Mixed Bag: Texas’ Booming Economy

Categories: Economy, InTheNews
Comments: 4 Comments
Published on: 2014.07.02

My local representative to the U.S. House (John Carter, of Texas, not Mars) keeps talking about jobs, both the superior nature of Texas’ job growth and the need for more jobs on a national level.

“It’s time to focus on jobs,” he tweeted yesterday. And: “It’s time for Sen. Reid to pass the 40 job bills on his desk”, he posted a few days ago.

And, about Texas: “155,713 of the 665K jobs created by the future exports of liquefied natural gas (LNG) will be in Texas” (June 24). And: “Texas added more jobs in May than any other state in the US!” (June 23).

Aside from my skepticism that the economy needs to keep “growing”, I do understand that people have a hard time living without jobs. Except for the very few in today’s world who are completely self-sufficient and live off the land, money is necessary — and the only ways to reliably get it are to work for a living, sell stuff (which counts as a job to me), or steal it.

But repeating the double-mantra of “more jobs!” and “Texas is doing great in the jobs department!” is a little deceptive.

The Texas Tribune, a nonpartisan and nonprofit media organization, recently published a four-part investigative series about the “Texas Miracle” — the booming economy that’s seeing Texas lead the nation in economic recovery since the 2008-9 global economic collapse, leading the nation in job growth, and seeing major firms moving to and hiring in Texas faster than ever before.

(Growth in my own current town of residence, Killeen, is mostly unrelated; it’s due to the continued flow of money into — and then out of — Ft. Hood because of the ongoing wars around the world.)

“It’s hard to argue with the job creation numbers they tout. Since 2003, a third of the net new jobs created in the United States were in Texas.” (source)

There’s a dark side, though, according to these articles.

Texas leads the nation in worker fatalities — for seven of the last 10 years, staying high here while falling nationally. And: “…when Texans get hurt or killed on the job, they have some of the weakest protections and stingiest benefits in the country”, according to the Tribune.

Additionally, Texas is the only state that doesn’t require private employers to carry workers’ compensation insurance or a private equivalent. For the ones who do have some type of coverage:

“Nearly half of all employee claims are initially denied or disputed in whole or in part, and when those denials blossom into a major disagreement before the Texas Division of Workers’ Compensation, workers lose most of the time, according to state data.”

One federal government study (.pdf) found that in Texas, less than 50% of work-related injuries were paid for by workers’ compensation insurance, the lowest among the 10 states studied.

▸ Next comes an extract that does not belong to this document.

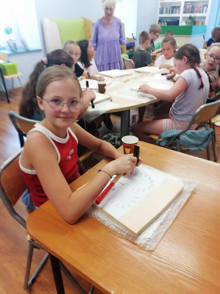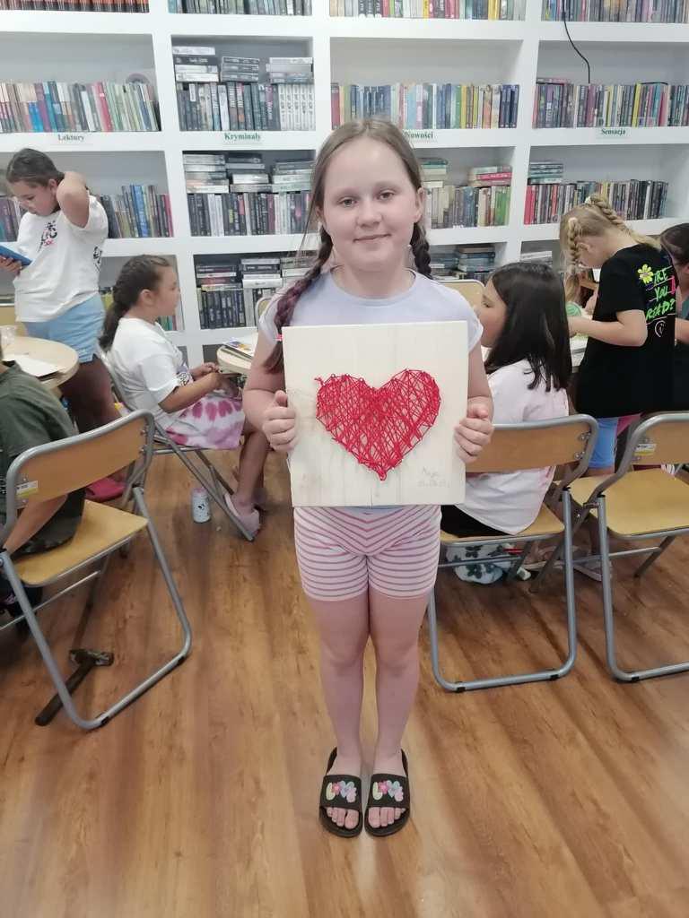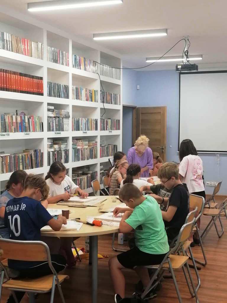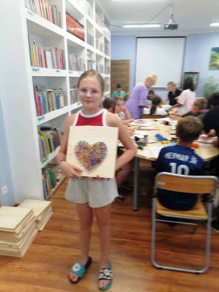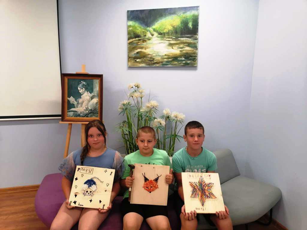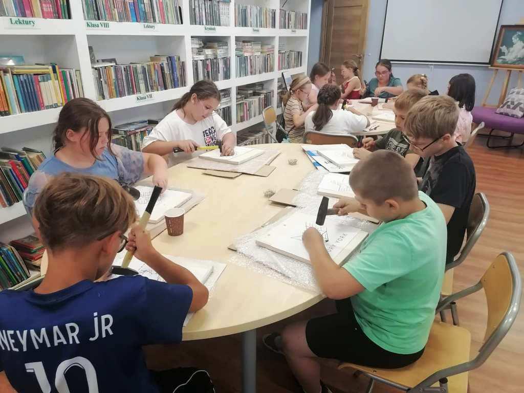 W tych działaniach wspierała uczestników Mariola Huzar – dyrektorka Biblioteki. Podczas warsztatów mieli oni okazję stworzyć własne dzieła – od prostych serduszek i gwiazdek po bardziej skomplikowane wzory, takie jak zwierzęta czy napisy. Każdy projekt był wyjątkowy, bo powstawał z indywidualnego pomysłu i w ulubionej kolorystyce. Instruktorka krok po kroku tłumaczyła technikę, a atmosfera sprzyjała kreatywności i wymianie pomysłów.

I could go on, and the Tribune’s articles do go on, but I think the point has been made.

The very lack of regulation (and to some degree, the lack of enforcement of regulations) is touted by state leaders as one of the reasons for Texas’ economic growth. Governor Rick Perry is known to publicly recruit companies from other states, including this sentence in an ad to New Yorkers: “If you’re tired of the same old recipe of over-taxation, over-regulation and frivolous litigation, get out before you go broke.”

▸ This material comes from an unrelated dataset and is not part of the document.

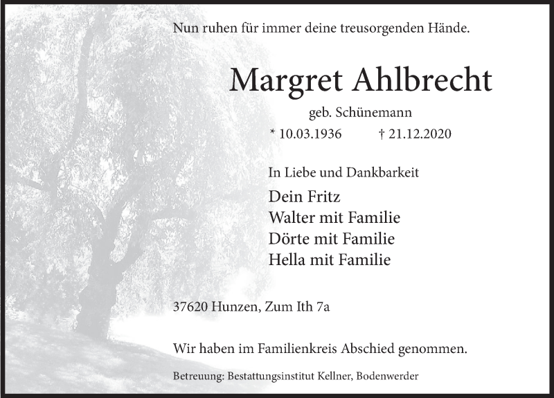 Hier finden Sie alle Traueranzeigen aus der Zeitung, die bisher für Margret Ahlbrecht erschienen sind. Weitere Traueranzeigen, die in der Zeitung erscheinen, werden hier ebenfalls aufgelistet

Their message, though, is meant for the companies, the “job-creators”. The only message for the workers is the implied: “At least you’ll have a job”, which admittedly can be an optimistic message when jobs are hard to find elsewhere.

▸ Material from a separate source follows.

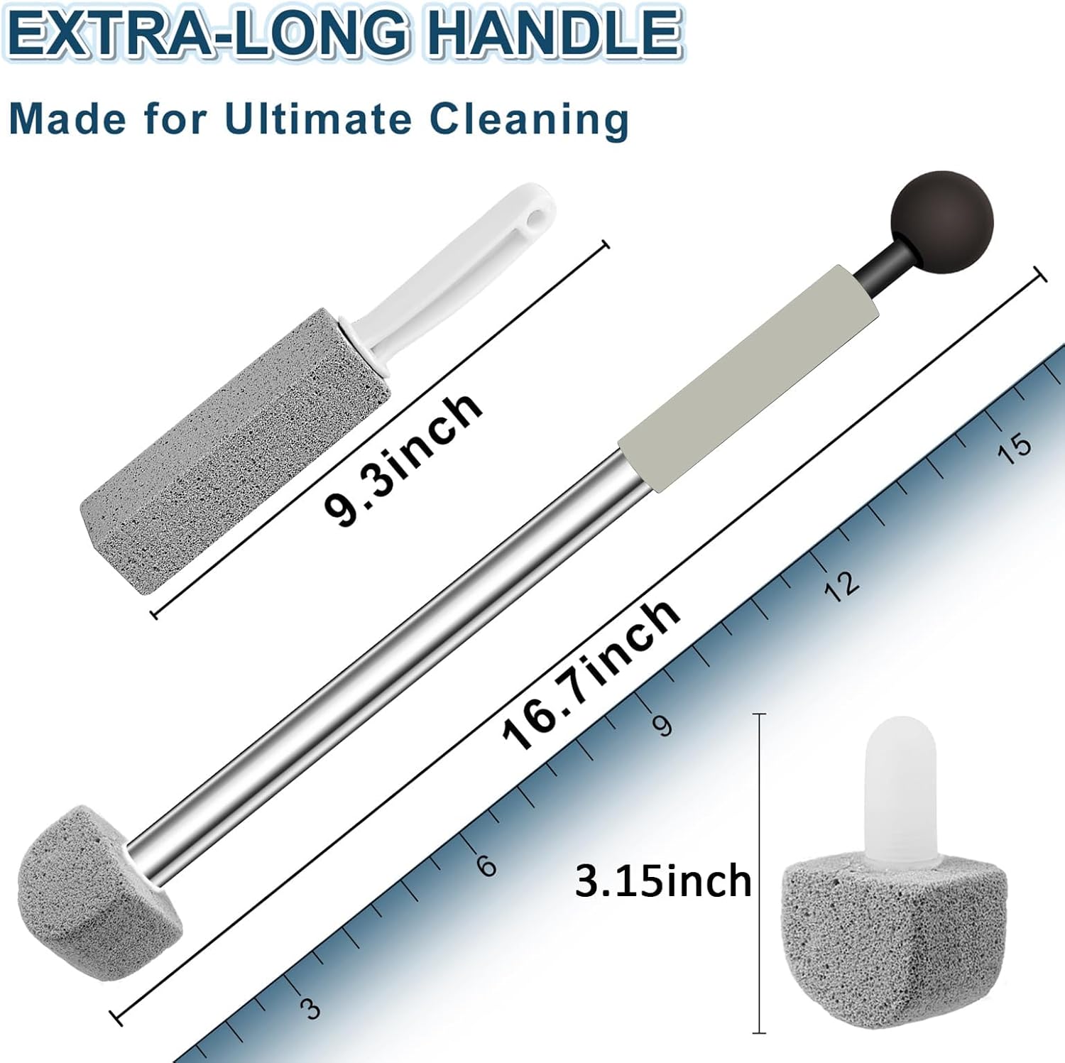 • [Extra Long Handle/Larger Size Pumice Stone]---NEW VERSION Pumice stone toilet bowl brush the size:16.71*1.77*1.6inch/42.5*4.5*4.2cm.Pumice sticks for cleaning is an easy-to-use cleaning tool that is designed to help remove clr calcium,lime&rust remover and hard water stain remover.It's a good toilet scrubber tool for everyone daily needs.

To me, it’s perfect evidence that the free market isn’t all it’s cracked up to be, that it consistently and almost without exception favors those already in power and/or who already have money.

To someone without a job and to a company head looking to expand or move, the Texas news is good news. But to almost everyone else, it’s a shame.

  1. >>my skepticism that the economy needs to keep “growing”<<

    So much of the time it seems like the business of business is just more business.

    Another way to look at it: imagine your grandchild on your knee and saying, "Remember that third quarter net profit of 12.8%? Wonderful memories."

  2. Zane says:

    One reason the fatality rate might be so high in Texas is that employers are not required to give paid breaks, lunch breaks are short, and there is no limit to how many hours an employer can make you work in a day. There are probably other states like this too, but it certainly can’t help the stats.